§ Dataset excerpts
-*-*-
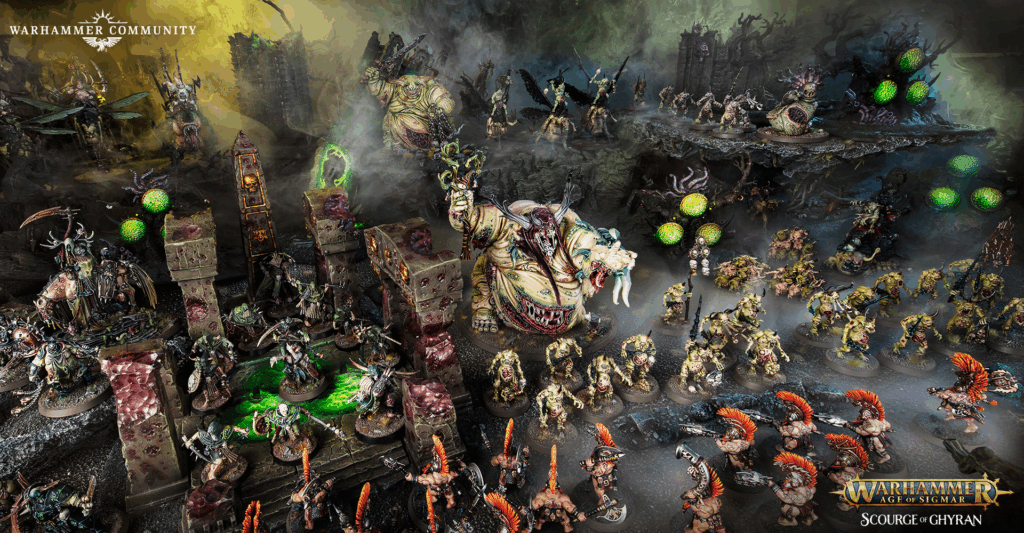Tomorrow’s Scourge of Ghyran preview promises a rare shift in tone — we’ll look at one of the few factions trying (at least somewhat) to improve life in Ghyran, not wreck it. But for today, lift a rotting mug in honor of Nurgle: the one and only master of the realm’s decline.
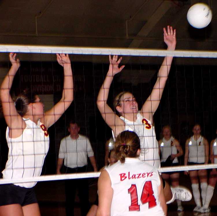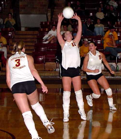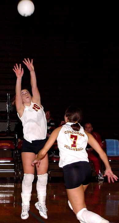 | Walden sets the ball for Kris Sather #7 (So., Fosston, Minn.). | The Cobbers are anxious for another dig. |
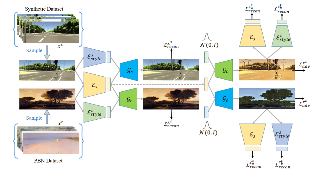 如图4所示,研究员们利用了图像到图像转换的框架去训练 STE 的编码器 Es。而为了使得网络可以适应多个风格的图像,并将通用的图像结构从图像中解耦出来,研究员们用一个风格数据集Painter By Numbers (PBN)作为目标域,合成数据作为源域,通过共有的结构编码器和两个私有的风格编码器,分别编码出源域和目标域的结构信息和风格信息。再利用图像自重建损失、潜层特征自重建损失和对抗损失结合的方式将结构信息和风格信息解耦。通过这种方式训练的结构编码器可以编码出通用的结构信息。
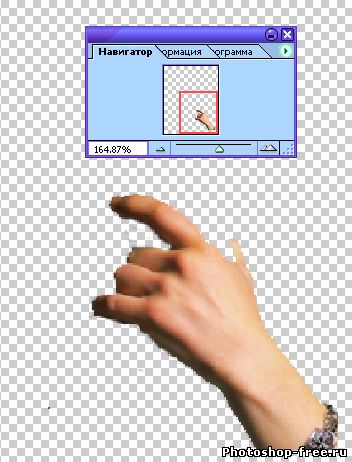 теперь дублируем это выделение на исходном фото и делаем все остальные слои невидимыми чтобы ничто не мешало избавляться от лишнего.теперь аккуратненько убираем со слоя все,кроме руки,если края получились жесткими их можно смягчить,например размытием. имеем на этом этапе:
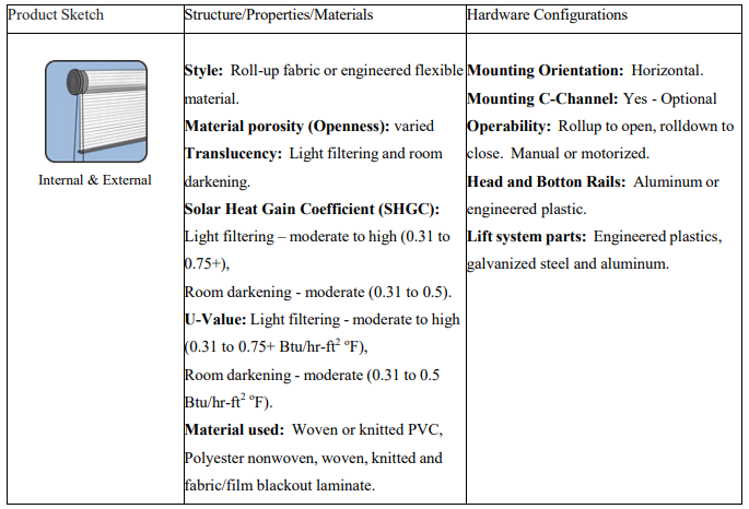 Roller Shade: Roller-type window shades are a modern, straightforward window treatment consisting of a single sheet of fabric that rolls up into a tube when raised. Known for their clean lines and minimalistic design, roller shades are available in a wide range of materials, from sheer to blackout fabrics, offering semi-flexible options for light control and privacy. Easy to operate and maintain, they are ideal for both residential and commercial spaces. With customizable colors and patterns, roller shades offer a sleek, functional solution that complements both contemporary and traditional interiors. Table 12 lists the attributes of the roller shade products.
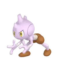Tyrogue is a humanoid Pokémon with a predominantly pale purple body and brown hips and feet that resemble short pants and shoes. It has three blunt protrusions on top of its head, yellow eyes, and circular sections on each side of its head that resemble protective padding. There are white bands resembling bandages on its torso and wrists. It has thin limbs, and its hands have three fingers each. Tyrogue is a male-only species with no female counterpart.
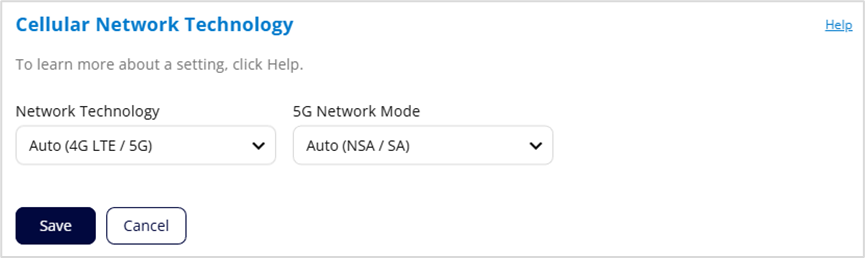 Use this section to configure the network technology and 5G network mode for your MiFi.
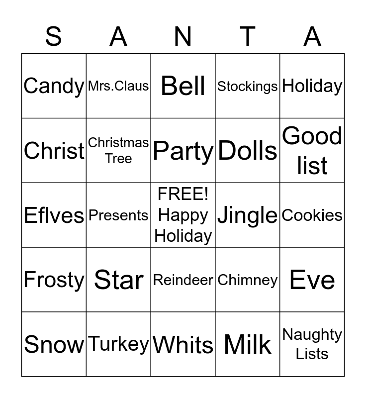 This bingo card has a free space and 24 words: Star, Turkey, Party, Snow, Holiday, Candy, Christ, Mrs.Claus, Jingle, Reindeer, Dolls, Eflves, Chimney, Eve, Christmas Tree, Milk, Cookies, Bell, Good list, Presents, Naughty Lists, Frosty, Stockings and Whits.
-*-*-
The required output is every line of the data above, set down exactly and stripped of pictures.

§ ANSWER BOX
Tomorrow’s Scourge of Ghyran preview promises a rare shift in tone — we’ll look at one of the few factions trying (at least somewhat) to improve life in Ghyran, not wreck it. But for today, lift a rotting mug in honor of Nurgle: the one and only master of the realm’s decline.
 | Walden sets the ball for Kris Sather #7 (So., Fosston, Minn.). | The Cobbers are anxious for another dig. |
 如图4所示,研究员们利用了图像到图像转换的框架去训练 STE 的编码器 Es。而为了使得网络可以适应多个风格的图像,并将通用的图像结构从图像中解耦出来,研究员们用一个风格数据集Painter By Numbers (PBN)作为目标域,合成数据作为源域,通过共有的结构编码器和两个私有的风格编码器,分别编码出源域和目标域的结构信息和风格信息。再利用图像自重建损失、潜层特征自重建损失和对抗损失结合的方式将结构信息和风格信息解耦。通过这种方式训练的结构编码器可以编码出通用的结构信息。
 теперь дублируем это выделение на исходном фото и делаем все остальные слои невидимыми чтобы ничто не мешало избавляться от лишнего.теперь аккуратненько убираем со слоя все,кроме руки,если края получились жесткими их можно смягчить,например размытием. имеем на этом этапе:
 Roller Shade: Roller-type window shades are a modern, straightforward window treatment consisting of a single sheet of fabric that rolls up into a tube when raised. Known for their clean lines and minimalistic design, roller shades are available in a wide range of materials, from sheer to blackout fabrics, offering semi-flexible options for light control and privacy. Easy to operate and maintain, they are ideal for both residential and commercial spaces. With customizable colors and patterns, roller shades offer a sleek, functional solution that complements both contemporary and traditional interiors. Table 12 lists the attributes of the roller shade products.
Tyrogue is a humanoid Pokémon with a predominantly pale purple body and brown hips and feet that resemble short pants and shoes. It has three blunt protrusions on top of its head, yellow eyes, and circular sections on each side of its head that resemble protective padding. There are white bands resembling bandages on its torso and wrists. It has thin limbs, and its hands have three fingers each. Tyrogue is a male-only species with no female counterpart.
 Use this section to configure the network technology and 5G network mode for your MiFi.
 This bingo card has a free space and 24 words: Star, Turkey, Party, Snow, Holiday, Candy, Christ, Mrs.Claus, Jingle, Reindeer, Dolls, Eflves, Chimney, Eve, Christmas Tree, Milk, Cookies, Bell, Good list, Presents, Naughty Lists, Frosty, Stockings and Whits.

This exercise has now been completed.